So the thing that I wish people understood about data more Is that the process of collecting data can introduce biases And that’s not necessarily a bad thing But it’s just understanding the limitations of the data that you’ve acquired
Right and then it can tell you something about like the model you’re going to try to use to explain the data. All models are wrong, but some of them are useful, right? It’s that, but also that comes out of the fact that You know, you have data, but you don’t have the infinite true data set you have a sample
Linda: yes
Pascal: And that’s the thing I think probably I wish more people understood. I’d be curious If if you would – what would your answer to that question be? because that’s that’s mine I think the bias is the thing that comes out to me
Linda: Ooh, no one’s ever asked me that! I mean every time – Every interviewee’s answer is different, and every time I’m like, oh man, Yes, that would change so much. So, you know, that’s my whole job. I want everyone to understand everything about data! But the bias one is huge, and it’s been really fascinating to me as I delve more into the types of bias, And and you know thinking about well, Selection bias is a problem, and and you know if you think about selection bias, I’ve been thinking as you’ve been talking I’m thinking, wow! It’s amazing how everyone on my podcast has, you know, some points of view that where I’m just like, oh man. Yes. And that’s, you know, there’s this there’s this real commonality of you know principles, and then I’m like it’s possible there’s a little selection bias there because I invite people on my podcast I invite people that I like talking to and then have interesting things to say, You know, ah Maybe there’s a whole bunch of people out there who don’t believe that, but I just I’m just not meeting them and I’m not you know getting into big conversations with them, because we we believe, you know different things. It’s easy to think or to believe that the people you surround yourself with are representative of the world, But they’re not, they’re representative of people you want to spend time with, and that’s you know, so that’s a classic case of selection bias.Who are you asking?
Pascal: Yeah, it’s one of these things that uh, I mean I generally feel like if you asked any human on the planet, you and you really if you got uh, if you sampled everybody, You should end up with a very confused look on your face as to what Humans’ motivations are because that seems a sensible answer.
Linda: Yeah,
Pascal: but even even stuff like that You know, we we can I think people can feel like okay. there’s biases when you ask humans, but there’s biases even like there was a big tension in um the cosmological, I mean still a tension, so we still don’t understand what’s going on, but there was a discrepancy between measurements of the cosmic microwave background – this is the leftover afterglow of the early universe – and you can use models to predict what the expansion rate of the universe should be now. And then people looked at using what they call standard candles, looking at stars nearby that they figured they knew How bright they should be, so they could how intrinsically bright they are? So that depending on how far away there you could figure out, Okay, well, that’s their distance. And they use this laddering up and then eventually they use supernova explosions, which they Are quite complicated explosions so stars blowing themselves to bits, but you can They seem to have an intrinsic sort of profile distribution of light curves, Like how bright they get and then how well they dim To get a distance of where they are how far away they are and then you can start using that to figure out the distances to lots of galaxies that are nearby and then figure out what the what do you think The local universe and I mean here I’m talking big scales, but still says the expansion rate of the universe should be so the universe is still expanding and there’s a big tension.

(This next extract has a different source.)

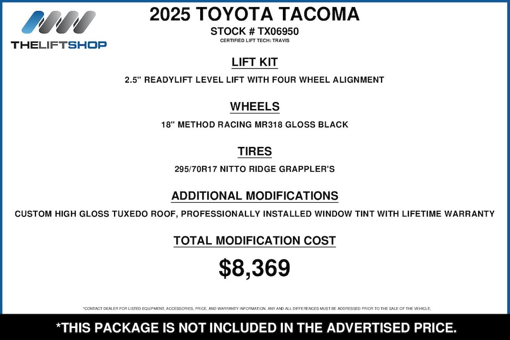 At Lifted Trucks, transparency is our priority. While we strive to provide accurate descriptions of our vehicles, please understand that errors may occur due to the human element involved in the process. All advertised vehicles are subject to actual dealer availability. Certain vehicles listed may not be available, or may have different prices. Prices exclude state tax, license, document preparation fee, smog fee, and finance charges, if applicable. Vehicle options and pricing are subject to change. Prices include all dealer rebates and dealer incentives. Pricing and availability varies by dealership. Please check with your dealer for more information. The dealer is not responsible for specific accessories or options that came with the vehicle when sold new, some of these options might pull from the vin number and be listed on our website, but what you see in the photos is what the vehicle will come with, nothing additional. Images displayed may not be representative of the actual trim level of a vehicle. Colors shown are the most accurate representations available. However, due to the limitations of web and monitor color display, we cannot guarantee that the colors depicted will exactly match the color of the car. Information provided is believed accurate but all specifications, pricing, and availability must be confirmed in writing (directly) with the dealer to be binding. Neither the Dealer nor Dealer.com is responsible for any inaccuracies contained herein and by using this application you the customer acknowledge the foregoing and accept such terms.

And for a lot of it a lot of people are like well It’s it’s biases and what we’re doing when we’re trying to do the standard candles because the other one’s a big afterglow but also we make an assumption in the model that may introduce a bias in the results we’re getting and so a lot of the initially we’re like oh, they’re both were like this one’s more biased than this result, This one’s more biased than this result. Both knew that they had a model that was trying to do its best to describe what we were seeing. And that they both might have a bias that would change the tension they were hoping the tension would go away. So you’d have the two values agree. They’ve not agreed, so now it says something interesting. But for a long time it was a real question. It’s like are you getting a biased result given that you are doing your best to try to sample certain things, but it’s a very specific type of sampling of what’s going on in the universe.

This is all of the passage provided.